La angustia desvió su vida por caminos inusitados. Primero lo apartó de los amigos, en los que creyó adivinar un goce por su desgracia. Después lo enfermó del hígado. Y por último, como una consecuencia de la mala salud y soledad, le dio por las preocupaciones sociales.
Su único confidente era su mujer, pero como ella no lo seguía en sus razonamientos era común que pelearan.
—¡Sos una bestia! ¡No entendés! —le gritaba.
Y cuando ella aceptaba el hecho llorando, él proseguía:
—El país vive la crisis más grande de su historia... Pero el pueblo se levantará defendiendo sus conquistas... Y llegará el día en que el gobierno sea nuestro... Y... Y...
Y siempre terminaba con la afirmación rotunda de que “nadie iba a echarlo de su casa”. Hablaba de tiros y de horcas y por fin bebía abundantemente el vino que le servía su mujer con tal de apagar su desesperación.
Pero fue mas lejos: llegó hasta conversar con un comunista y de las claras y tranquilas explicaciones que le dieron, sacó en conclusión que el departamento era suyo y que nadie tenía derecho a sacárselo.

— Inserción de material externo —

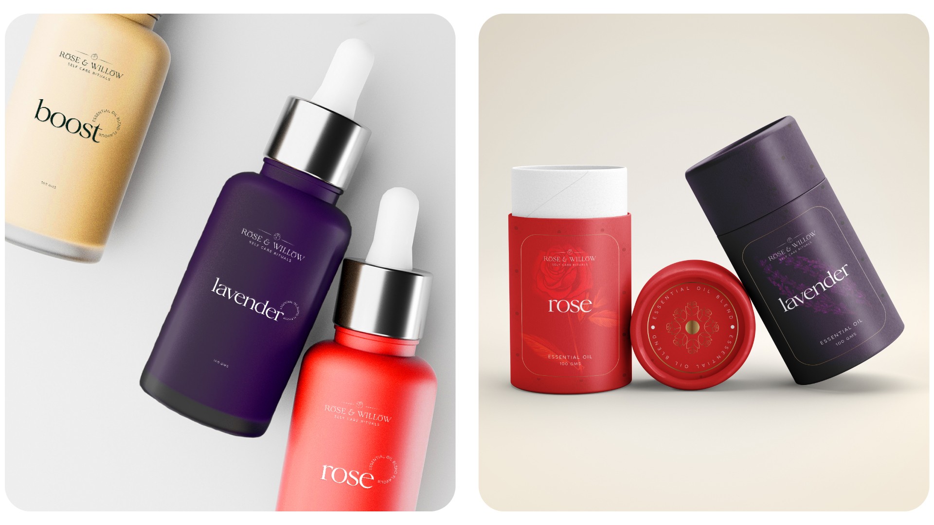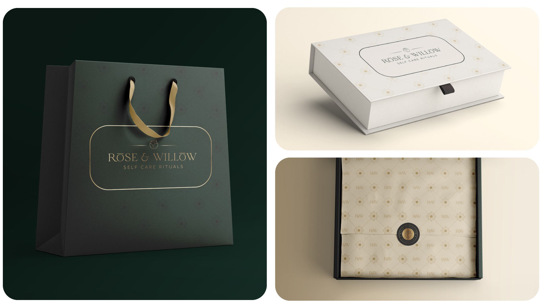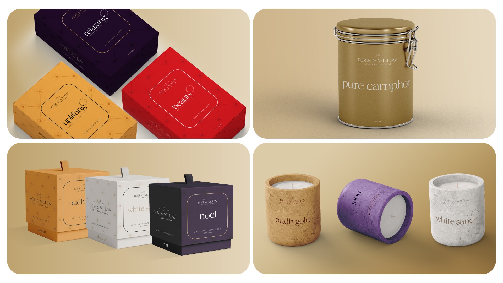 Rose & Willow is a brand dedicated to creating personal rituals — candles, essential oils, perfumes, incense sticks. The brief was to build an identity that felt both tranquil and sophisticated, and packaging that communicated the experience before the product was even opened. I developed the complete brand identity and packaging system — logomark, colour palette, typography, illustration style, and a cohesive packaging suite across all product lines.

Pero se le quedaron pegadas algunas frases del camarada y las repitió intuyendo que “ayudaban a su causa”.
Y entonces, por primera vez habló del monstruoso problema de las villas miserias, de la situación de la clase obrera, del drama de la juventud. Y se pareció a esos apóstoles podridos de madera tallada, que ilustran las capillas coloniales del Paraguay.
Se convirtió en un asco. Un recipiente que contenía lo más inmundo de un egoísta.
Compró diarios opositores. Leyó las leyes que voceaban en Florida. Husmeó buscando una salida. Hizo de todo: mintió, simuló, rogó. Y rompió lo único bueno que había tenido en su vida: la amistad de su mujer.
En el empleo, lo dejaban vivir.
Y los porteños, generosos como son, le perdonaban sus extravíos.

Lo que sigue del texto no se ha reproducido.